Two‐dimensional electrophoretic analysis of immunoglobulin patterns in monoclonal gammopathies

Two‐dimensional (2‐D) electrophoresis was performed on 24 serum samples from patients diagnosed with monoclonal gammopathies. These samples had been shown to have a homogeneous immunoglobulin (M component) by zone electrophoresis and immunofixation. Using 2‐D electrophoresis, the nature of this aberrant protein was further analyzed. It has been presumed that the sharp, dark stained band identified by immunofixation was the production of a monoclonal immunoglobulin.
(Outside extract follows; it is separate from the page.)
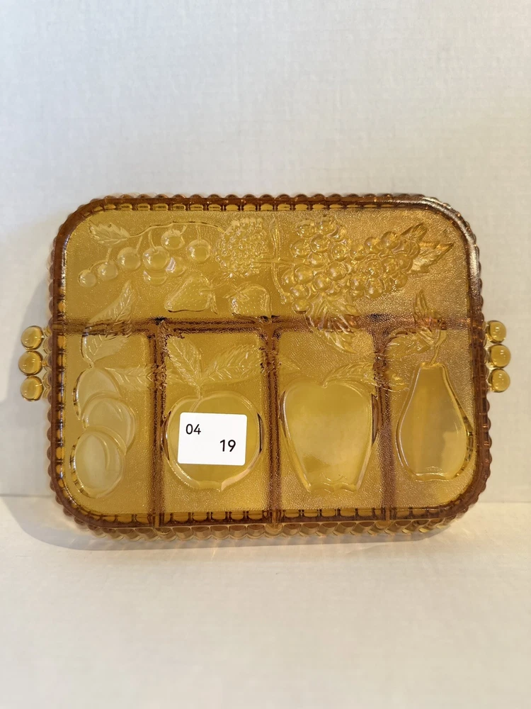 Elevate your serving game with this stunning Indiana Glass Amber Divided Part Relish Serving Dish Tray. The intricate fruit design on the carnival glass adds a touch of elegance to any table setting. Perfect for hosting dinner parties or holiday gatherings, this dish is sure to impress your guests. Crafted from high-quality glass and produced in a beautiful gold color, this relish dish is a must-have for any collector or home chef. Use it to serve your favorite condiments or as a decorative piece in your home.

The increased resolution afforded by 2‐D methodology reveals several different patterns. On 2‐D electrophoresis, a monoclonal antibody has a unique pattern. It consists of 3 to 6 strong, restricted heavy chain bands and a single distorted light chain spot. The 3–6 bands are microheterogeneity of the isoelectric point, attributed to posttranslational glycosylation and/or amidation/ deamidation. Analysis by 2‐D electrophoresis indicated only 5 samples with a true monoclonal pattern. All but 2 of the samples clearly had aberrant immunoglobulin, but interpretation of the pattern would suggest the protein is other than a fully synthesized monoclonal antibody. The samples showed the following: a monoclonal heavy chain pattern with multiple distorted light chain spots, only an aberrant light chain area, only an aberrant heavy chain, and only a polyclonal increase. Several IgG gammopathies had, in addition, concentrations of gamma heavy chain at a reduced size (34 kDa).